Unas pocas páginas después, Keith deja claras sus intenciones de tirar de generalizaciones imposibles al contar una mala experiencia en un foro de internet: “Esa fue la última vez que entré en los foros de veganos. Comprendí que unas personas que desconocen hasta ese punto la naturaleza de la vida, con su ciclo de minerales y sus intercambios de carbono, sus puntos de equilibrio basados en el antiquísimo círculo de productores, consumidores y descomponedores, no podrían guiarme, ni tampoco tomar ninguna decisión útil sobre una cultura humana sostenible”. Los veganos, esa mente colmena. Según explica a lo largo de unas dolorosas páginas, Keith ha sufrido lo indecible por culpa de una mala alimentación, que le ha provocado todo tipo de males -entre ellos espondilosis, hipoglucemia, pérdida de la menstruación, depresión y ansiedad-, que solo ha podido mitigar un poco volviendo a la carne. Sin poner en duda el sufrimiento de la autora, sí se puede entrever que quizás no dispuso de una dieta vegana correcta y que no tendría que haber esperado veinte años para abandonarla, así como que estos problemas de salud pueden responder a una concatenación de factores y no solo a la dieta.
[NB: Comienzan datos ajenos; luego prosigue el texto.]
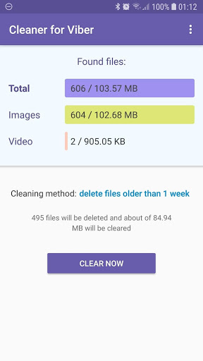 Finds and removes old media files in Viber chats and frees up space on your smartphone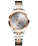 Adriatica Classic A3833.R147QF to damski zegarek utrzymany w jednolitej, złotej kolorystyce, który łączy klasyczny styl z dodatkowymi funkcjami. Na tarczy znajdują się trzy subtarcze: wskaźnik faz księżyca oraz datowniki dni tygodnia i miesiąca, co czyni model praktycznym i czytelnym. Koperta i bransoleta wykonane są ze stali szlachetnej w złotym odcieniu. Wewnątrz pracuje szwajcarski mechanizm kwarcowy Ronda 706 Swiss Made. Model wyposażono w szafirowe szkło oraz wodoszczelność do 30 metrów, która chroni go przed niewielkimi zachlapaniami.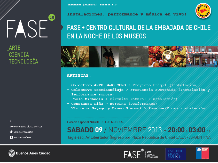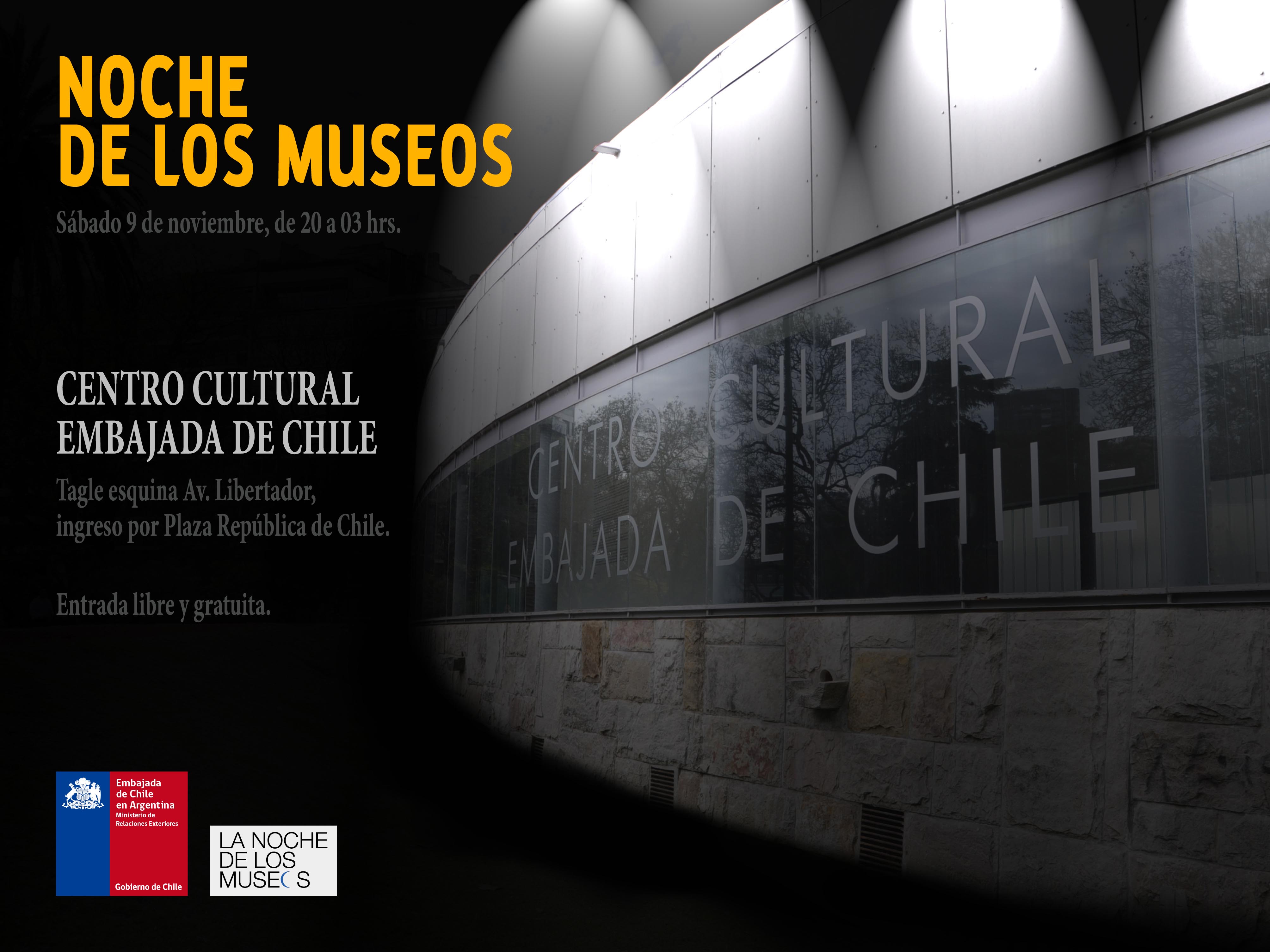 El próximo sábado 9 de noviembre el Centro Cultural de la Embajada de Chile en Argentina, se sumará a la próxima edición de La Noche de los Museos, organizada por el Ministerio de Cultura del Gobierno de la Ciudad de Buenos Aires, la actividad se realizará entre las 20 hrs. y las 3 de la madrugada y contará con música en vivo, instalaciones y performances.

Sea como sea, una vez entra en materia, la activista sí que aporta ideas que hacen temblar lo que ella ha bautizado como el mito vegetariano -que en realidad son los mitos-: ¿tiene sentido oponerse a la muerte animal pero olvidar que el fósforo que nutre los cultivos procede de los huesos de animales muertos? ¿Y qué hay de esas idealizaciones sobre la naturaleza que nos provee, cuando casi todas las frutas, verduras y cereales que comemos no existen en la naturaleza, sino que son creaciones del ser humano a partir de antepasados incomibles o escasamente nutritivos? ¿Por qué importa la vida de algunos animales pero no de todos aquellos que perecen por culpa de la agricultura? Aunque asegura que es demasiado complejo definir con certeza un camino para salir de la dinámica destructiva en la que nos hallamos, sí hace algo más que señalar y rebatir: también apunta las claves que podrían, llegado el improbable caso, sintonizarnos con las necesidades de la Tierra en un escenario postagrícola.

La apuesta natural de Capitán Swing de los últimos meses incluye un título que pone palabras a lo que mucha gente sospecha o sabe: es probable que gran parte de los trastornos que sufren los niños del siglo veintiuno guarden una estrecha relación con la ruptura del vínculo con lo natural que los ha convertido en unos ignorantes de lo esencial, estudiantes que pueden conocer el clima de las regiones más remotas sobre el papel pero que no sabrían nombrar ninguno de los árboles que pueblan sus bosques más cercanos. Niños que no saben lo que es pasar las horas paseando por el campo sin sentir eso que desde hace no tanto, explica Richard Louv en Los últimos niños en el bosque, hemos decidido llamar aburrimiento, y que no es otra cosa que tiempo libre para contemplar la vida deslizándose frente a nuestros ojos.